1. In a multiphase vacuum capacitor switch having a supporting base; a plurality of vacuum interrupters each of which has a pair of separable contacts one of which is stationary and the other of which is movable into and out of engagement with said stationary contact; a grounding contact associated with each vacuum interrupter, said grounding contact being supported by its associated vacuum interrupter and in electrical conducting relationship with the movable contact of the vacuum interrupter; a grounded contact rod for each of said vacuum interrupters, said grounded contact rods being carried by said supporting base in position to engage with an associated grounding contact; operating means connected to said grounding contact rods for effecting the simultaneous movement of said grounding contact rods; and, a single actuator connected to said operating means for effecting operation of said operating means.

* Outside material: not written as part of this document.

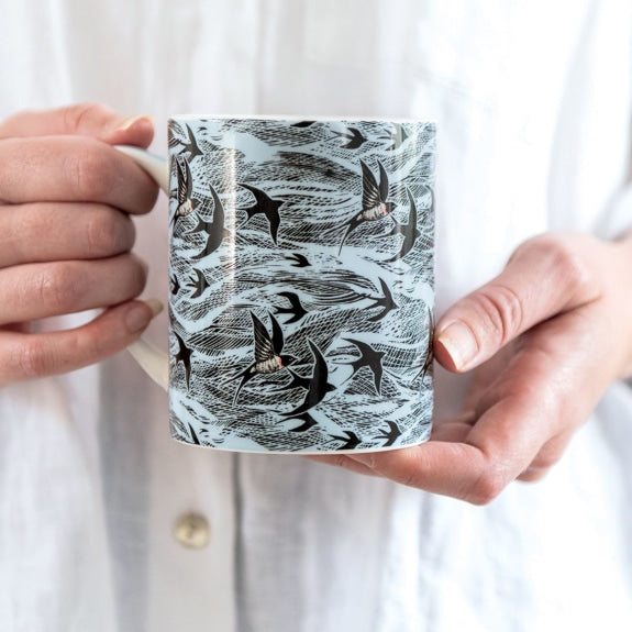 Beautiful fine bone china mug with Swallows And Sea print. Image taken from an original print by Angela Harding.

2. In a multiphase vacuum capacitor switch having a supporting base; a plurality of vacuum interrupters carried by said supporting base in vertical parallel array, said interrupters each having a pair of separable contacts, one of which is stationary, and the other of which is axially movable into and out of engagement with the associated stationary contact; a plurality of grounding switches carried by said supporting base, said grounding switches each having a contact carried by an associated vacuum interrupter externally thereof, said contact having an electrical conducting connection with the movable contact of its associated vacuum interrupters, said grounding switches each also having a movable grounded contact rod carried by said supporting base for movement into and out of engagement with the associated contact carried exteriorly of the vacuum interrupter; a rack formed on each grounded contact rod; a gear rotatably carried by said supporting base for each grounded contact rod, said gears being disposed in meshed engagement with an associated grounded contact rod rack; drive means interconnecting all of said gears in a manner that rotation of one of said gears will effect rotation of all of said gears simultaneously; and, actuating lever means connected to one of said gears to effect its rotation for engaging or disengaging said grounded contact rOds with the associated contacts carried by said vacuum interrupters exteriorly thereof.

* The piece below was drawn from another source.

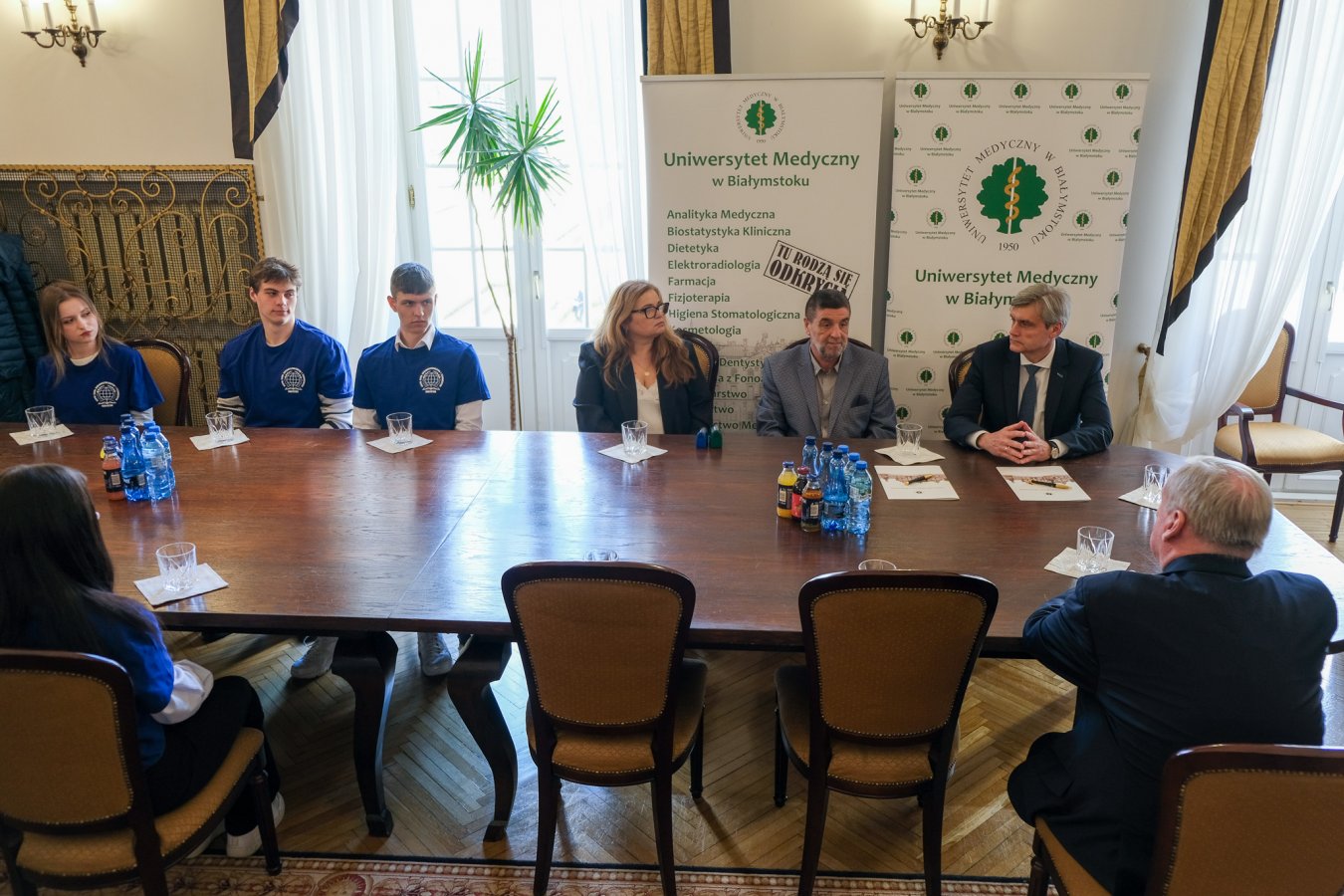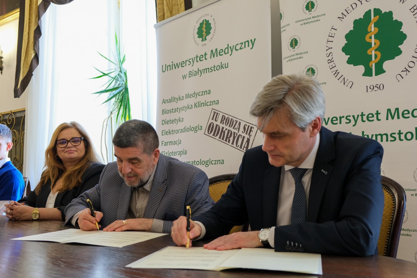 Umowę o współpracy pomiędzy placówkami podpisano we wtorek (8 kwietnia 2025r.) w Biurze Rektora UMB. Ze strony Uczelni podpisał ją prof. Adrian Chabowski, Prorektor ds. kształcenia, ze strony ZSTiO - Dyrektor dr Cezary Wysocki. W wydarzeniu uczestniczył prof. Jerzy Ładny, konsultant krajowy w dziedzinie medycyny ratunkowej oraz kierownik Kliniki Medycyny Ratunkowej UMB, a także grupa młodzieży ze szkoły.

3. In a multiphase vacuum capacitor switch comprising: a grounded supporting base; multiple spaced apart insulators mounted on said supporting base; a vacuum interrupter mounted on each of said insulators; a stationary contact and a movable contact supported within each of said vacuum interrupters for make-and-break engagement; a first terminal for each of said vacuum interrupters, said first terminals being secured to the upper free end of an associated vacuum interrupter in electrical connection with an associated stationary contact; a second terminal for each of said vacuum interrupters, said second terminals being secured to the lower end of said associated vacuum interrupters in electrical connection with an associated movable contact; a grounding switch for each vacuum interrupter carried by said supporting base in operative association therewith, each of said grounding switches includes a resilient grounding contact and a grounded contact rod that is engageable with said grounding contact, said grounding contact being mounted on said second terminal in electrical relationship therewith and in position to receive said contact rod, said contact rod is supported to said supporting base for axial movement into and out of engagement with said grounding contact; means for operating said grounding switches including a rack formed on each of said contact rods and a gear rotatably supported by said supporting base and in engagement with an associated rack; and, a single means for effecting the rotation of said gears for moving said contact rods simultaneously into and out of engagement with their associated grounding contacts.